Cosa forse ancora meno immaginabile, complice un altro declino, quello del lavoro autonomo, la percentuale di chi ha il posto fisso (o presunto tale) ha toccato un record mai toccato dal 2004 a oggi, del sessantasei per cento.
Quando a finire è un fenomeno giudicato negativamente non vi è la stessa eco mediatica che era presente quando si manifestava. La stessa cosa sta accadendo oggi con il lavoro precario. Siamo di fronte a un cambiamento in un certo senso storico, ma se ne parla molto poco.
Ciò è dovuto forse anche a un’altra ragione: tra le cause di quanto accade vi sono due provvedimenti sostenuti da schieramenti tra loro opposti. Uno è il già citato Decreto Dignità, che tra le altre cose ha diminuito le possibili proroghe dei contratti a termine, ridotto le tempistiche per la trasformazione a tempo indeterminato, introdotto l’obbligo di causale per l’utilizzo di questo tipo di assunzione. L’altro è il più conosciuto Jobs Act, che precedentemente aveva reso più facile il licenziamento anche dei dipendenti con contratto permanente, di fatto favorendo il suo utilizzo.
Pochi tra i sostenitori dell’una e dell’altra legge ammetteranno che in realtà sono collegate e complementari. Che l’esistenza del Jobs Act, che rende meno rischiose le assunzioni a tempo indeterminato, ha fatto in modo che i paventati effetti negativi sull’occupazione del Decreto Dignità non si verificassero. O che quest’ultimo fosse necessario in presenza del primo, perché nel momento in cui è possibile licenziare in modo abbastanza agevole non è più molto giustificabile costringere i giovani ad anni di precariato.

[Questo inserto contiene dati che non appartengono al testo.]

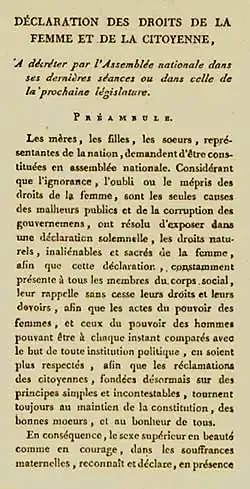 Deklaracja praw człowieka i obywatela została przyjęta w 1789 roku przez Konstytuantę podczas rewolucji francuskiej. Deklaracja przygotowana i przedstawiona przez markiza de Lafayette stwierdzała, że wszyscy mężczyźni „rodzą się i pozostają wolni i równi w prawach” oraz że te prawa są uniwersalne. Stała się kluczowym dokumentem praw człowieka ujmującym stosunek pomiędzy jednostką a państwem[1]. Deklaracja demaskowała nierówność praw obywateli ze względu na płeć, rasę, klasę i religię[2]. Artykuły nowej konstytucji francuskiej przyjętej w 1791 rozszerzały prawa obywatelskie i polityczne na wszystkich obywateli (w tym protestantów i Żydów, uprzednio dyskryminowanych)[1]. W 1790 roku Nicolas de Condorcet i Etta Palm d’Aelders wzywali Konstytuantę do rozszerzenia praw obywatelskich i politycznych na kobiety, ale bez powodzenia[2]. Condorcet zadeklarował, że „ten, kto głosuje przeciwko prawom innej osoby, niezależnie od tego czy ze względu na religię, kolor, płeć czy inne cechy tej osoby, tym samym podważa własne prawa”[1]. Ponieważ władze rewolucyjne nie zamierzały rozszerzyć praw człowieka na kobiety, we wrześniu 1791 roku de Gouges opublikowała Deklarację praw kobiety i obywatelki[3].

Forse solo Carlo Calenda, tra i maggiori fautori del Jobs Act, ha ammesso a suo tempo che il Decreto Dignità, da lui inizialmente avversato, aveva avuto invece un effetto positivo.

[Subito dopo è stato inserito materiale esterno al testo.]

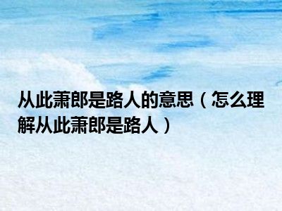 欢迎观看本篇文章,小升来为大家解答以上问题。从此萧郎是路人的意思,怎么理解从此萧郎是路人很多人还不知道,现在让我们一起来看看吧!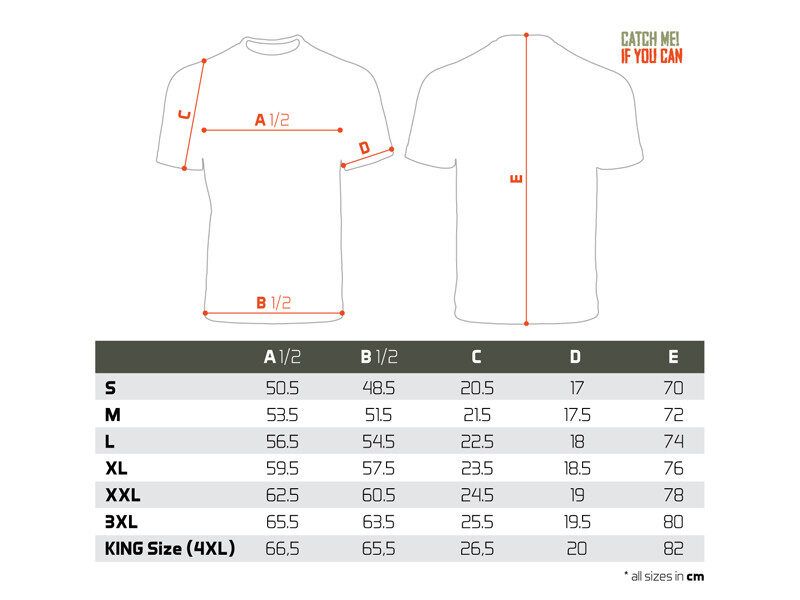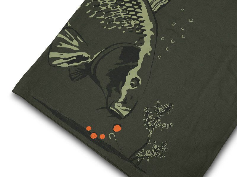 Sērija CATCH ME IF YOU CAN ar karpas attēlu ir neparasts gabals jūsu garderobē neatkarīgi no gadījuma. Karpas attēls ir attēlots kā skice, vienlaikus saglabājot visas detaļas, un tas iet apkārt viduklim apakšā. Tas parāda karpu, kas tuvojas boilām — tieši to brīdi, ko gaida katrs makšķernieks. T-krekls ir veidots tumši zaļā krāsā ar stilīgu oranžu un gaiši zaļu grafiku.

Eppure il fenomeno che abbiamo davanti è rilevante perché riguarda soprattutto i giovani. I 15-24enni con contratto a termine tra estate 2018 e estate 2023 sono scesi del 9,39 per cento, nel caso dei 25-34enni il calo è stato dell’11,41 per cento, mentre in quello dei 35-44enni, i primi ad assaporare il precariato all’inizio del secolo, ha raggiunto addirittura il 16,15 per cento.
Cinque anni fa gli under-25 assunti a tempo determinato erano il 67,54 per cento, i 25-34enni nella stessa condizione il 30,89 per cento. Oggi sono scesi rispettivamente al 56,84 per cento e al 26,39 per cento e la riduzione ha riguardato sia il Nord che il Mezzogiorno.

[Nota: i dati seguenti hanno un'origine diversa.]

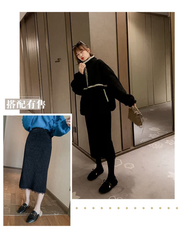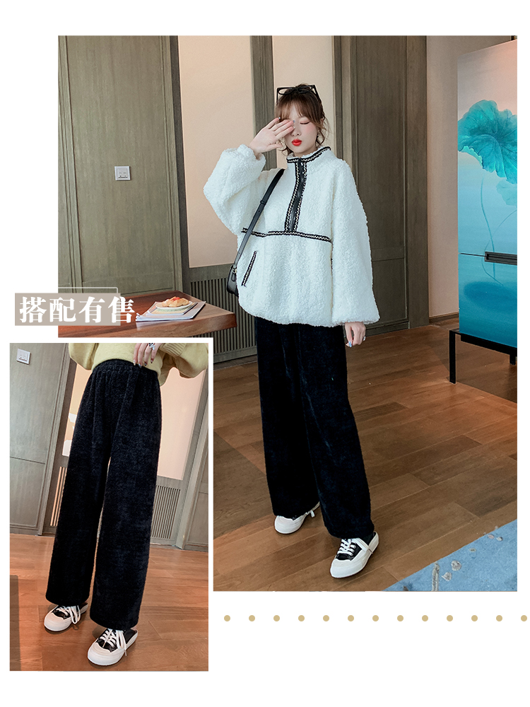 2019女韓版寬松羊羔毛套頭衛衣立領拉鏈慵懶外套長袖上衣1入

Ciò è avvenuto senza danno per le assunzioni, anzi. negli stessi cinque anni la proporzione di under-35 tra gli occupati è salita dal 21,9 per cento al 22,8 per cento.
Quest’ultimo dato, che si accompagna a una crescita in valore assoluto dei giovani dipendenti, ci dice anche che solo in piccola parte la corsa a offrire contratti a tempo indeterminato a costoro è dovuta al calo demografico e quindi alla scarsità di ventenni e trentenni.
Significa anche che pure in un periodo di crisi e bassa crescita è possibile apportare miglioramenti alla qualità della vita dei lavoratori con le leggi adeguate, persino se queste sono generate da schieramenti politici di segno opposto.
Potrebbe essere di insegnamento per le altre sfide che il mercato del lavoro ha davanti, soprattutto ora che il rallentamento dell’economia sarà sempre più evidente: i salari reali in diminuzione, che pure hanno giocato un ruolo nel buon andamento delle assunzioni, il pericolo di povertà tra i lavoratori, una formazione troppo limitata per i lavoratori senza competenze adeguate.